In November 2023, the FASB issued ASU No. 2023-07, Improvements to Reportable Segment Disclosures. The guidance requires disclosures of certain general information related to the Company's segment. This includes information on the factors used to identify reportable segments, the types of products and services from which report segments generate revenues and whether operating segments have been aggregated. The new requirements will result in incremental disclosures in annual and interim reports. This guidance will apply to fiscal years beginning after December 15, 2023, and interim periods within fiscal years beginning after December 15, 2024. The new guidance must be applied retrospectively to all prior periods presented in the financial statements unless impracticable with early adoption permitted. We are currently evaluating the impact of this standard.

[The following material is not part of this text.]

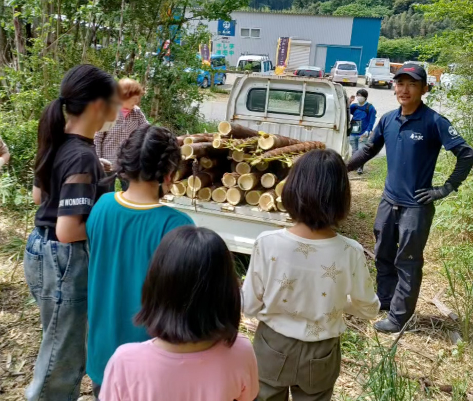 子どもたちを竹林整備体験とたけのこごはんランチに招待させていただきました。

ATM Program. On August 13, 2021, the Company entered into an equity distribution agreement pursuant to which the Company was permitted to sell, from time to time in the open market, shares of the Company’s common stock, having aggregate proceeds of up to $40.0 million (the “ATM Program”). The Company used the net proceeds from sales through the ATM Program for general corporate purposes, including, but not limited to, financing of capital expenditures, repayment or refinancing of outstanding debt, financing acquisitions or investments, financing other business opportunities, and general working capital purposes. During the year ended December 31, 2021, the Company sold 1,222,209 shares of common stock for net proceeds of $27.0 million after deducting sales agents' commissions and other related expenses. There were no shares of common stock sold under the ATM Program during the years ended December 31, 2023 and 2022, and the ATM Program has been terminated.